# No hop flowers yet



## trustyrusty (7/2/18)

Hi according to growing guide I should see something now. No flowers or signs of anything. 2 year growth. What should I see other than leaves, runners ? Think I might sell rhizomes off end of season to pay for water ... 2 pots both the same stage. Kent golding and cascade, thanks


----------



## Danscraftbeer (7/2/18)

Are you fertilizing? Try some soluble Sulfate of Potash. Or fertilizer blends that promote flowering. To be safe make it half dose or less in hot weather and add to all your watering you give them. What location are you?


----------



## trustyrusty (7/2/18)

Yes I have used general fert. and some blood and bone, couple of times and at beginning.. south coast nsw thanks


----------



## Let's Brew Beer (7/2/18)

How high are they tied up? had mine for six year and finally getting flowers. Tied them up higher than usual and they've taken off. Dunno if thats the reason why but can't hurt to try.


----------



## trustyrusty (7/2/18)

About 3m, 6 years... !!!

How do you create rhizomes  ?


----------



## koshari (7/2/18)

First year grower chiming in. 4 fuggles and 4 cascades. 2 cascades going berserk full of burrs. The other 2 cascades and fuggles not even laterals. All same soil pots and fertilizer. Go figure.


----------



## fungrel (7/2/18)

Can you post some photos of the pot, plant and location


----------



## trustyrusty (8/2/18)

Hi Not ideal conditions about 2.8 m tall, is this the start of a flower or just another lateral? (Close up image) BTW they did have one day of huge heat but did recover well..I do have foil on base of pots to keep temp down. Think this will be last go, unless I have a garden and a pergola that needs shade. To me would be the best shade clothe as it would die in winter when you need the sun to keep warm


----------



## koshari (8/2/18)

trustyrusty said:


> Hi Not ideal conditions about 2.8 m tall, is this the start of a flower or just another lateral? (Close up image) BTW they did have one day of huge heat but did recover well..I do have foil on base of pots to keep temp down. Think this will be last go, unless I have a garden and a pergola that needs shade. To me would be the best shade clothe as it would die in winter when you need the sun to keep warm


The close up image just looks like a lateral forming to me. The burrs are pretty distinctive. You will definatly recognize one when they form. they sorta look like little snow flakes.


----------



## trustyrusty (8/2/18)

So should I see a flower now or not? thanks


----------



## koshari (8/2/18)

I wouldnt give up untill easter. Having said that the ones i have that did flowers cones are really beginning to develop. I did read that the longest day is the signal for them to flower but rocker had 2 batches before xmas however hes up in bne. As the days are getting shorter now every day they dont flower likely means a lot less chance they will come on this year. I also read that they need something like 8 leaves to sense the change of season. 

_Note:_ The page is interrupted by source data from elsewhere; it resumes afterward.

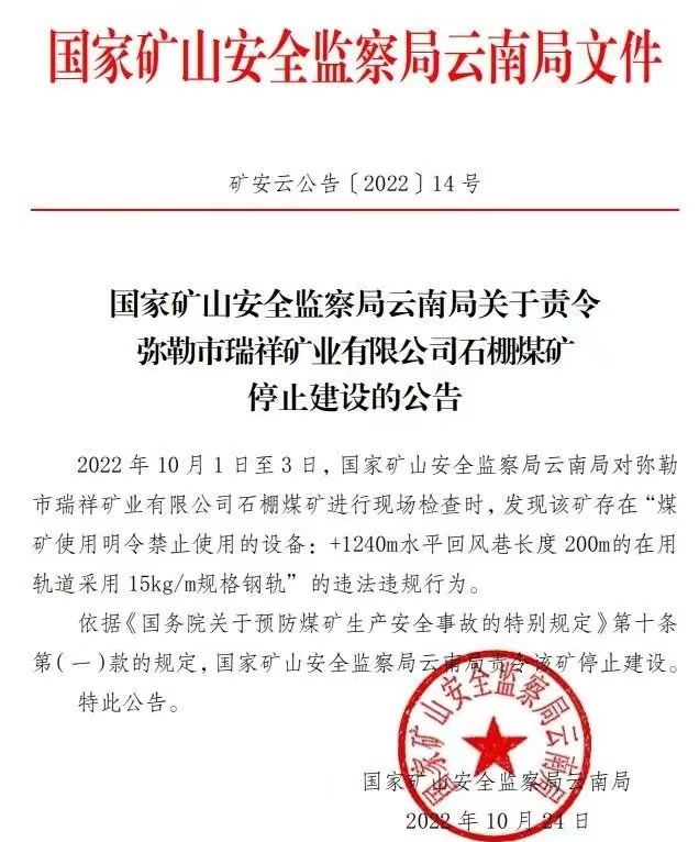 停产整顿!停止建设! 2022-10-31 浏览量:0 国家矿山安全监察局河南局关于责令郑州煤炭工业(集团)有限责任公司芦沟煤矿三五井停产整顿的公告 2022年10月12日,国家矿山安全监察局河南局对郑州煤炭工业(集团)有限责任公司芦沟煤矿三五井进行现场监察,发现该矿存在重大事故隐患,依法作出责令停产整顿15日的行政处罚(豫煤安监一罚〔2022〕1056号)。停产整顿时间:2022年10月22日至11月5日。 依据《国务院关于预防煤矿生产安全事故的特别规定》(国务院令第446号)第十九条第一款之规定,现予公告。 国家矿山安全监察局河南局 2022年10月22日 上一篇 下一篇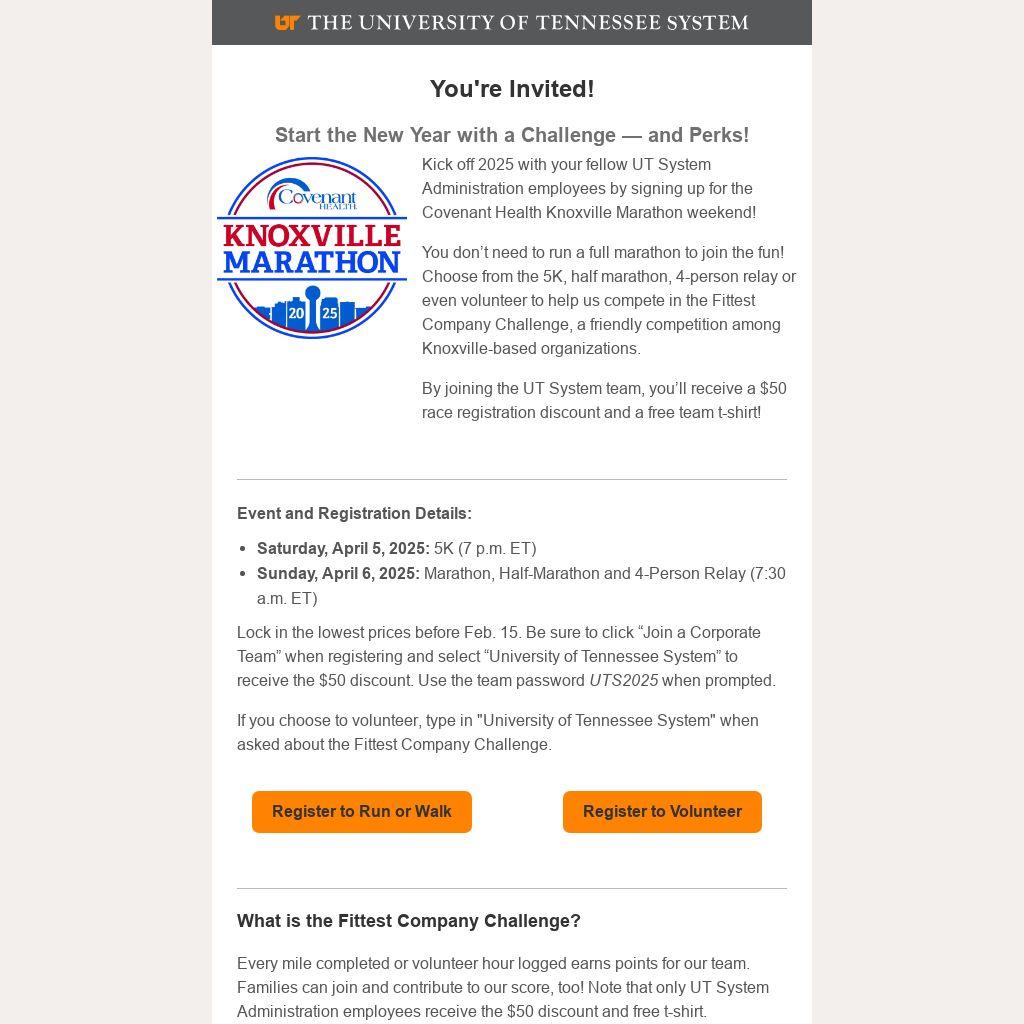 Kick off 2025 with your fellow UT System Administration employees by signing up for the Covenant Health Knoxville Marathon weekend!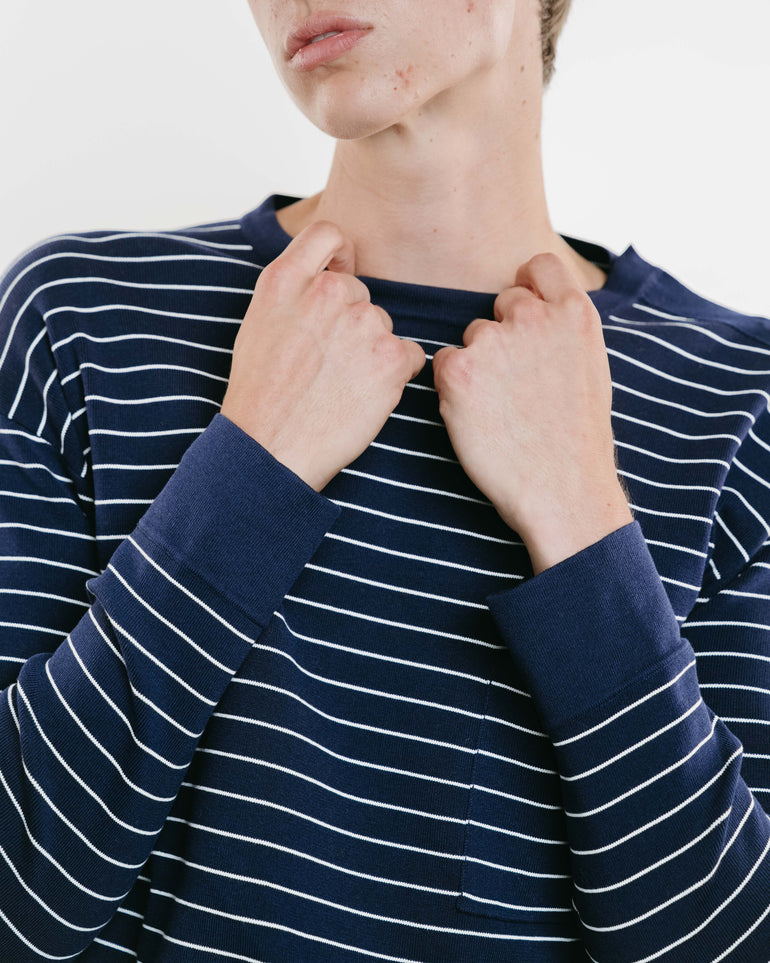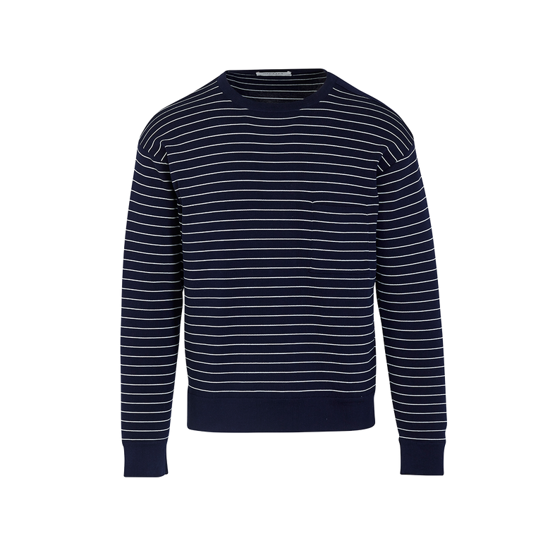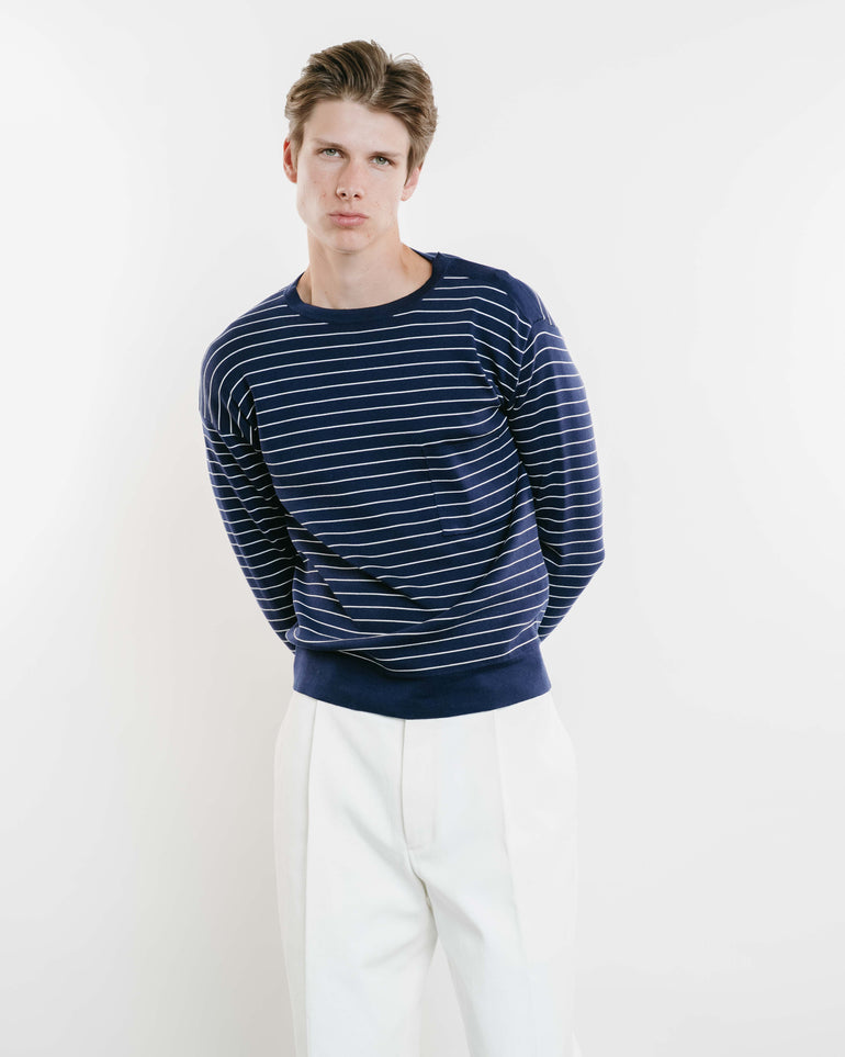 Striped sweater with round neckline, front patch pocket and long sleeves.

Seems to be a lot written but i dont think anything is completely conclusive.


----------



## Danscraftbeer (8/2/18)

Dig a hole in the ground and fill it with potting mix and compost. They get bigger and stronger every year. Growing in pots really restricts them stunting them. Even if you add lots of attention to water and fertilizer pots will struggle to do well. Even in huge pots like 100lt still do as well as in the ground. If neglected they can still do well in the ground.


----------



## fungrel (9/2/18)

If this is the second year, you've got to move it somewhere else. I doubt it will flower in the same location it failed to flower in last year.
Is there a lot of light shining on the plant at night through that window? And is that area concreted?


----------



## trustyrusty (9/2/18)

No light, outdoor tiles... thanks


----------



## Ben Thompson (27/2/18)

My bines are tiny for the most part, first year Chinook, Victoria, cascade, hallertauer, horsbrukker, and Golding's. Not much is happening yet, but its their first year, I've lost a few zomes but that's life. I'll get a frost in about 6 weeks, but I'll start them earlier next year.


----------